The Six Virtues of the Educated Person and this website are based on a simple premise — until we define “educated” in a deep, useful way, we will not be able to improve education. We are such an aphilosophical society that even teachers ignore what it means to be educated as they try to improve what they have not defined.
Education policymakers have filled the vacuum with a knowledge and skills definition of “educated,” because it is useful, not because it is deep. Standardized tests, that supposedly measure knowledge and skills, are used to hold teachers accountable.

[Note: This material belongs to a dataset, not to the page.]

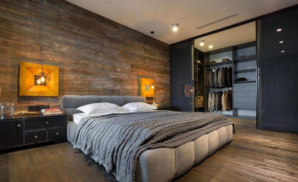 Найдется место шкафу-купе в спальне стиля лофт. Специфика лофтовской обстановки с ярко выраженной индустриализацией окружающего пространства и отсутствием перегородок, разделяющих площади, в случае обустройства спальни нуждается в некоем зонировании. На роль условной границы подойдет массивный шкаф-купе с фасадом из непрозрачного стекла или зеркальных полотен.

This is unfortunate because it moves education away from a virtue definition of “educated.” Philosophical insight, however, tells us that virtue leads to knowledge and skills, but knowledge and skills don’t lead to virtue. America’s position in the world is not jeopardized because graduates lack knowledge and skills, but because they lack the six virtues of the educated person,
Recent history provides examples of how the vices of our uneducated human nature (ignorance, intellectual incompetence, weakness, fear, pride and selfishness) have damaged our national life and reputation. The political and business leaders responsible for military appropriations scandals, Enron, the Savings and Loan bailout, the mortgage crisis, the BP oil spill, and our involvement in Middle East wars are uneducated in the most profound sense of the term. Their actions demonstrate the vices of our uneducated nature. Their knowledge and skills have no value because they don’t make the world better.
The outlook for improving American public education is dreary as long as we fail to define what it means to be educated and as long as we believe more research is needed. My blogs in the “Teacher Reads,” “I Love Irony,” and the “NurtureShlock” categories explain that a deep, meaningful philosophy is more useful than research findings. The good news is that, as soon as we embrace the six-virtue definition of the educated person, the path to educational improvement is clear — model and teach those virtues.
That is why I am seeking other deep, useful definitions. They should be “deep” because they are supposed to inspire us to greater depths of teaching and learning. They should be useful because, if they aren’t, they won’t tell us how to deal with a wide range of classroom and school situations. If they can’t guide action, what good are they?